Make me a liar. Make me wrong. Fault my logic.

This don't add up.
 
Four kilograms of plutonium? I´m not a nuclear physics guy, but I clearly recall reading that the critical mass for plutonium is five kilograms.
 
Chaos said:
Four kilograms of plutonium? I´m not a nuclear physics guy, but I clearly recall reading that the critical mass for plutonium is five kilograms.

A plutonium bomb with less than critical mass can be overcome with an implosion that compresses the plutonium to a high density.
 
Chaos said:
Four kilograms of plutonium? I´m not a nuclear physics guy, but I clearly recall reading that the critical mass for plutonium is five kilograms.
10 kg actually:
"The isotope Plutonium-239 is a key fissile component in modern nuclear weapons, due to its ease of fissioning and availability. The critical mass for an unreflected sphere of plutonium is 16 kg, but through the use of a neutron reflecting tamper the pit of plutonium in a fission bomb is reduced to 10 kg, which is a sphere with a diameter of 10 cm. Complete detonation of plutonium will produce an explosion of 20 kilotons per kilogram. (See also Nuclear Weapon Design.)"Wikipedia
 
Luke T. said:
And the critical mass for plutonium is well above 4 or 5 kilos.

This is beginning to sound like a peace loving Islamic chat group:D
 
Ah. Kerberos beat me to it.

Using the implosion method, 4 kilos will work for an atomic bomb, though.
 
Ed said:
This is beginning to sound like a peace loving Islamic chat group:D

There cannot be peace on Earth until every infidel is dead.
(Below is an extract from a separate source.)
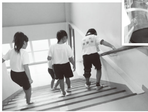
▲東小学校での高齢者疑似体験

Allah Akbar!
 
I don't know the physics. The reporting can't be trusted insofar as the science goes. But the politics of the matter are far more clear. They don't have one . . . or more accurately, they don't have three weapons and one proven design. There's only one way to test a design if combined with a new process, and that's to test it. They haven't done so* and therefore they don't have one.


*assumes facts I assume would be in evidence. The double assumption is not too risky in this case.